“I sell dreams and I peddle love to millions of people,” declared Hindi filmdom’s self-made icon Shah Rukh Khan a few years ago on a darkened stage where the only lights were on him. Mr Khan famously came to Mumbai, then Bombay, in the early 1990s from his home city New Delhi to make a life for himself in the world of theatre and cinema. And what a life he fashioned out of his large dreams, steely ambition, cool-headed business instincts, and a lot of luck along the way. In creating and living this larger-than-real life, Mr Khan gave fresh verve to the age-old description of Mumbai as the ‘City of Dreams’. Many men and women came before and after him in Bollywood and other professions, gave wings to their dreams, and made Mumbai their home.
Each success story cements the idea of Mumbai as the ‘City of Dreams’ – a reference that Prime Minister Narendra Modi made on Thursday while inaugurating two metro lines and launching a slew of projects worth nearly Rs 40,000 crore. “Shinde and Fadnavis will fulfil all dreams of Mumbaikars,” he said as if Maharashtra Chief Minister Eknath Shinde and his deputy Devendra Fadnavis carried the proverbial magic wand. In his own way, Mr Modi too was peddling a dream to millions of Mumbaikars as well as to those who want a one-way ticket to the city.
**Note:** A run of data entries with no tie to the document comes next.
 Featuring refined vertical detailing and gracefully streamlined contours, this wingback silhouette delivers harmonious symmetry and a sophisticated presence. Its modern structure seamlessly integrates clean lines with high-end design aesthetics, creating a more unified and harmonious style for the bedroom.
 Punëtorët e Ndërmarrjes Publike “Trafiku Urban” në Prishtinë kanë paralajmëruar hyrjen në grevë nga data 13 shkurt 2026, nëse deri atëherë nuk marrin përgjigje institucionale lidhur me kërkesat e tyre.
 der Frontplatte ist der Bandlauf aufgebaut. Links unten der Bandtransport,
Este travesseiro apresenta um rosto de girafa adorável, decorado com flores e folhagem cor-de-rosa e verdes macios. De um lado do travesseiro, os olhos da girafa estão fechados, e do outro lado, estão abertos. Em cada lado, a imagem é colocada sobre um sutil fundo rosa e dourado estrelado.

How Mumbai came to be described thus leads to many story trails depending on who is telling it but the phrase ‘City of Dreams’ has to do with the city’s earliest character of rewarding bold ideas and hard work, as industries took off combined with the stardust from cinema — one of the city’s defining aspects — which took shape here. Every success story celebrated in the popular media or private circles further crystallised the idea that one’s dreams get a platform in the city. Mumbai became the dream factory, so to speak. But for every Shah Rukh Khan or the late Dhirubhai Ambani, there remained hundreds in the dark, often broken.
The myth that dreams can be realised in Mumbai is a self-perpetuating one. At a basic level, all cities are dream factories in that they allow migrants, irrespective of their class and background, to realise their aspirations and improve their life from the one they left behind in their villages. Bombay enabled Dr BR Ambedkar to break the shackles of caste and address the oppression that he, and lakhs of Dalits, faced back home.
What do Mumbaikars dream of? How do the nearly 20 million, in fancy high rises or single-room slum tenements, who struggle every day, see the scope of their city? The answers are clear — clean and garbage-free streets, open pavements for pedestrians, ample neighbourhood open spaces and parks, buses and trains that are aplenty and do not demand a limb (or life) in return for each day of commute, water and air that are pure enough to ingest without worry, schools and colleges that do not hurry students in shifts like factories, decent houses that can be rented or bought at affordable rates without having to mortgage one’s life to lenders, more safety and security for all genders and classes of people even at night, and perhaps the space to take in the vast sea from the many shores along the city’s coastline.
It looks like an intimidating list but it is a basic set of needs — not dreams — which can elevate the quality of life for millions. Try as they might, neither Mr Modi, nor Messrs Shinde-Fadnavis, can make these dreams come true with a “double-engine government” which they want to turn into a three-engine one with the Bharatiya Janata Party eyeing a majority in the forthcoming Brihanmumbai Municipal Corporation election. Nor should politicians compete to sow dreams or fulfil them for people. They should do the job entrusted — create the infrastructure — so that the city becomes the stage to which people bring their dreams and aspirations. Give us a well-functioning and affordable, less unequal and more liveable Mumbai; leave us to do the magic.